Photo by Taekwonweirdo/Flickr (Creative Commons)
Even Dylan Brody would like this turkey.
(Dylan Brody is a writer and performer.)
Thanksgiving is always a difficult time for me because I am, by nature and by habit, an ingrate. For years I avoided Thanksgiving get-togethers and I believed it was because I did not like turkey. It was only well into adulthood that I realized I just didn't like what my grandmother used to do to turkey.
Every year my family would pile into the station wagon and drive to Lakewood New Jersey where my grandmother would turn a Butterball into bird-shaped particle board. I remember hours of chewing and I remember thinking that holiday food was supposed to make one salivate, not absorb all the moisture from one's mouth. A slab of my grandmother's turkey could have been used to dehumidify the Brooklyn-Battery Tunnel.

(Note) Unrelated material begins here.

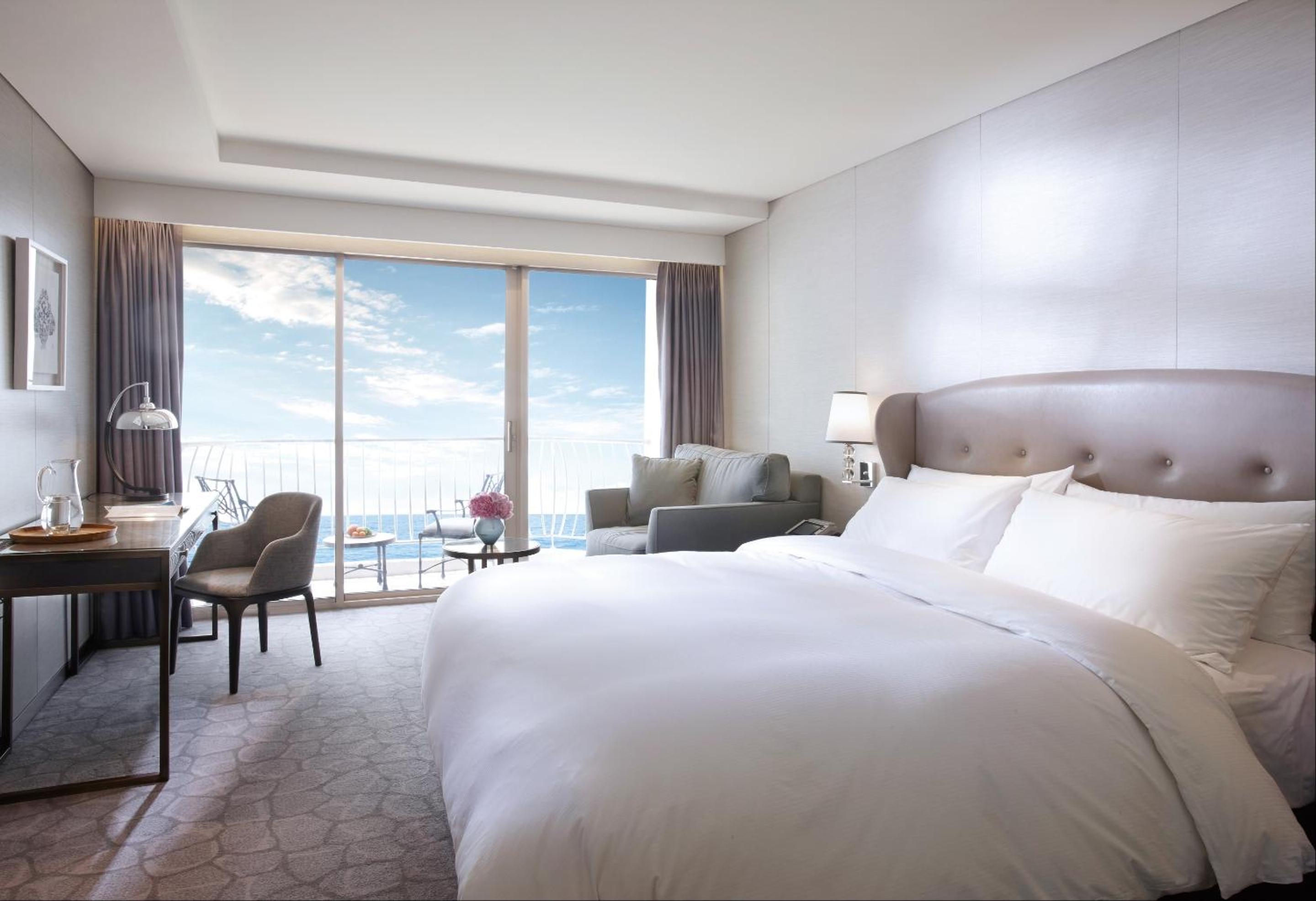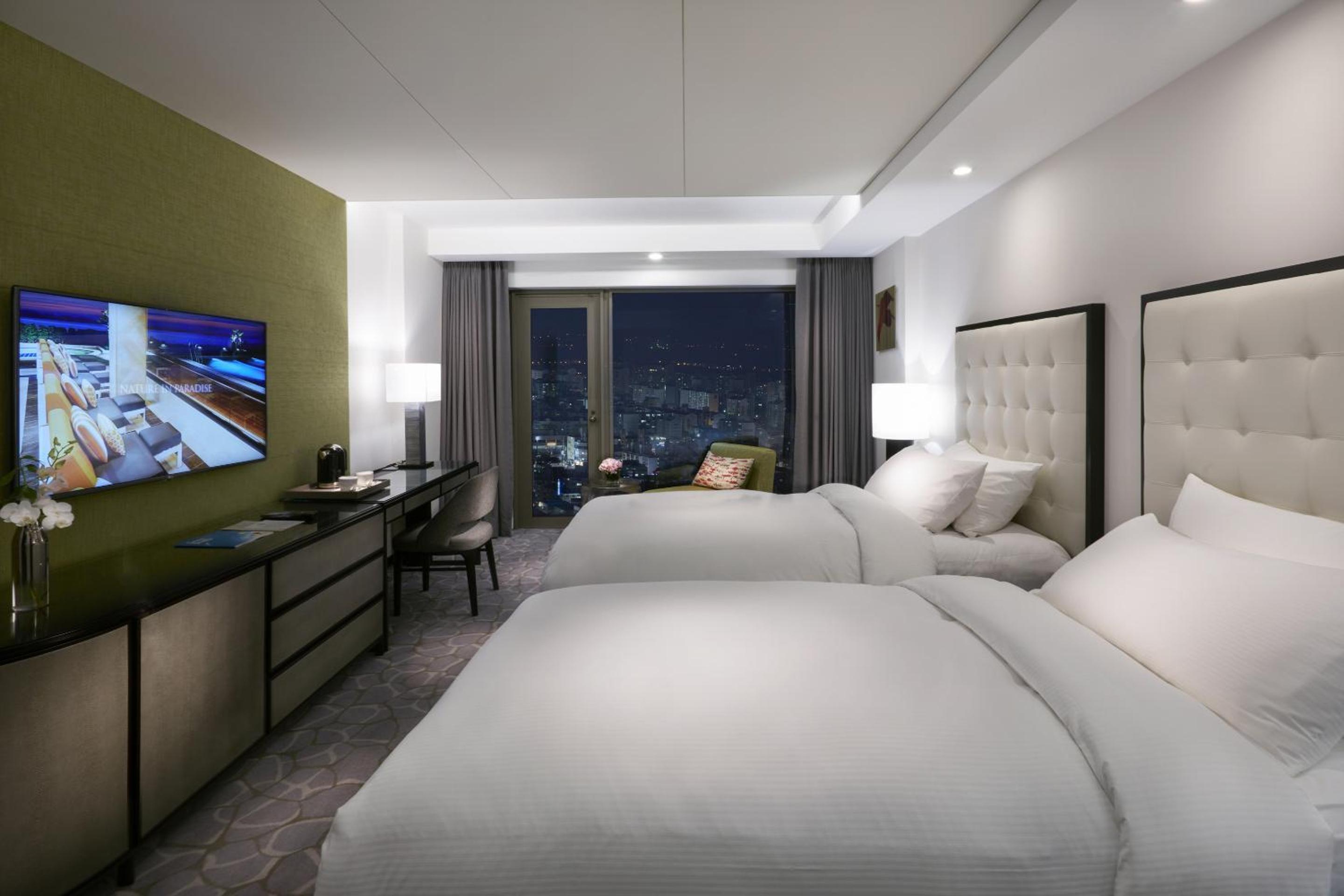 The Paradise Hotel Busan offers modern rooms with private bathrooms featuring aroma bath salts. Guests can enjoy the flat-screen cable TV, balconies with sea views, and complimentary bottled water.

At the end of the holiday weekend, we'd all get back into the car and as we pulled away my father would say, "Well. That was relatively painless." Halfway home we would stop somewhere for lunch and, after days of politely rejecting Grandma's offers of left-over turkey shard sandwiches, I would have a grilled cheese sandwich and a bowl of tomato soup. It was my favorite meal of the year.
A few years ago, I went to a holiday gathering I thought it might be good for my career to attend. That's right. I'm that guy. While everyone else is hip-deep in holiday spirit, I'm just hoping to book some gigs for after the New Year. In any case, there was turkey at this party and in an attempt to look like a civilized human, I ate some and found out that I don't hate it. I had seconds.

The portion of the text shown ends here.